Unaccountable Rhythms | Performing Arts | Sirius Arts Centre Cobh

Unaccountable Rhythms Unaccountable Rhythms

Still from Flicker (2016), HD video, 25"21', Ruth Clinton & Niamh Moriarty

Unaccountable Rhythms

19th Oct 2016


Still from Flicker (2016), HD video, 25"21', Ruth Clinton & Niamh Moriarty



Unaccountable Rhythms
A performance as part of the exhibition Time (Ireland) Act by Ruth Clinton and Niamh Moriarty.

Wednesday 19 October 7pm

The communicator then took control and wrote what follows: “I am tuning into your rhythm. I see so clearly now the nature of environment and how we hitch onto each one”. Here the communicator drew across the page three long wavy lines, of varying design, one under the other. “That is the story of the universe and of communicating intelligences, of communicating appearances. Rhythms, unaccountable rhythms, and we can only illustrate them by these undulating lines. We, on earth, live in one rhythm. But our soul is so constituted that if we choose to exercise its powers to the full, we can tune into other rhythms – enter again the various phases in the history of the earth, for mind and memory pervade the whole universe’.

Geraldine Cummins, The Fate of Colonel Fawcett - a Narrative of his Last Expedition (1955), The Aquarian Press.

As part of the exhibition Time (Ireland) Act, this evening of performances will see Rachel Ní Chuinn, Ruth Clinton, Isadora Epstein and Niamh Moriarty respond to the introduction of Daylight Savings Time, the life and work of Cork medium Geraldine Cummins and the setting of the Old Yacht Club.

This year marks 100 years since Britain, and therefore Ireland, adopted Daylight Savings Time. The rearrangement of public timekeeping resulted in a sudden loss of twenty-five minutes and twenty-two seconds of Irish time. Taking this temporal elision as a starting point, Time (Ireland) Act tests the possibility of unfolding infinite moments of unrealised potential into the dramatic setting of Cobh.

Collaborative gestures, video and interactive fiction are used to present simultaneous, non-linear narratives of remote (mis)communication and to question the possibility of ownership over intangible forces. Whilst being influenced by the experience of undertaking a year-long residency in Cobh, Clinton and Moriarty look outward to create a temporary confluence of knowledges: distant and proximate.
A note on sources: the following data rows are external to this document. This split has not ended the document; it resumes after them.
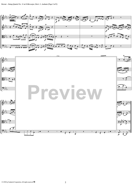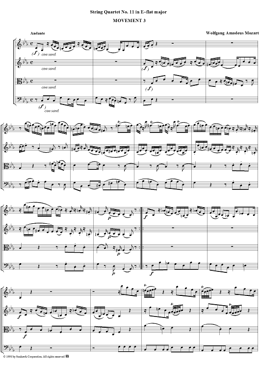 Digital Sheet Music for String Quartet No. 11, Movement 3 - Score by Wolfgang Amadeus Mozart scored for String Quartet; id:96017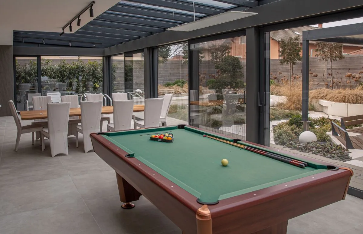 A billiárdterem a földszinten található, ezt három oldalról teljes üvegpanorámával kellett megépíteni. Az igények között szerepelt, hogy hivatalos méretű, versenyzésre is alkalmas „profi” billiárdasztalt kell beszerezni 3 millióért.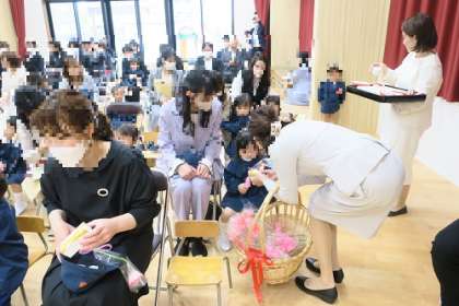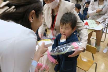 入園式では、担任からお祝いにお花(ガーベラ)とお饅頭をいただきました。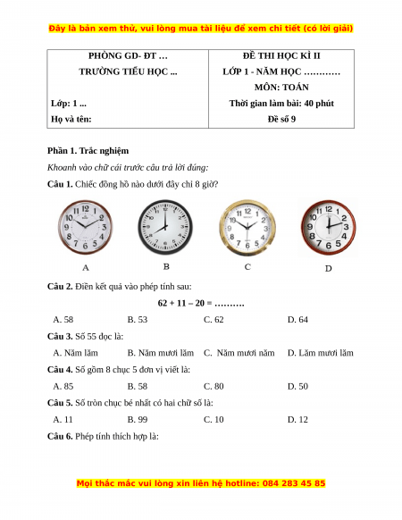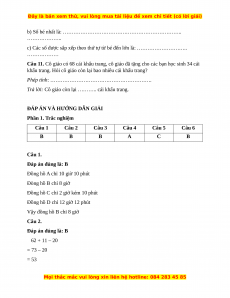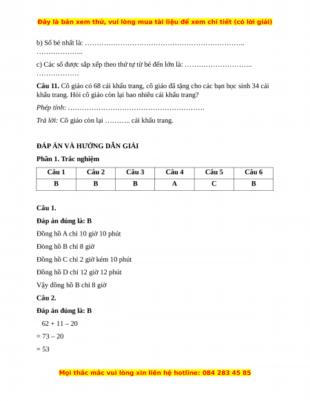 Vậy đồng hồ B chỉ 8 giờ Câu 2. Đáp án đúng là: B 62 + 11 – 20 = 73 – 20 = 53

Rachel Ní Chuinn is co-curator of the Mean Time residency, performance and broadcast from Richmond Barracks (October 2016). Mean Time is a collaborative art project inspired by this event and in particular by Countess Markievicz's opposition to what she saw as one more act of colonial oppression: the imposition of a foreign time on what should have been a sovereign people. The project brings ten professional female sound artists from Ireland and abroad to the historical location of Richmond Barracks in Dublin city, where 77 women were remanded after their involvement in the 1916 Rising- including Countess Markievicz herself. www.rachelnichuinn.com
 
Isadora Epstein is writer and performer of Very Rich Hours (September 2016) at Temple Bar Gallery & Studios as part of the Tiger Dublin Fringe Festival. The setting for this production is Très Riches Heures, a fifteenth century book of hours and calendar which illustrates and follows that homely thief Time as he scampers through each month. Following on from the award winning Flemish Proverbs (Fringe 2015), Moira Brady Averill, Isadora Epstein, and Kristina Yee compose a performance that summons together the powers of gods, men, puppets, and the hurdygurdy. http://www.fringefest.com/festival/whats-on/very-rich-hours
 
Ruth Clinton and Niamh Moriarty have been residence at Sirius over the past year and their exhibition, Time (Ireland) Act is on show until 30 October.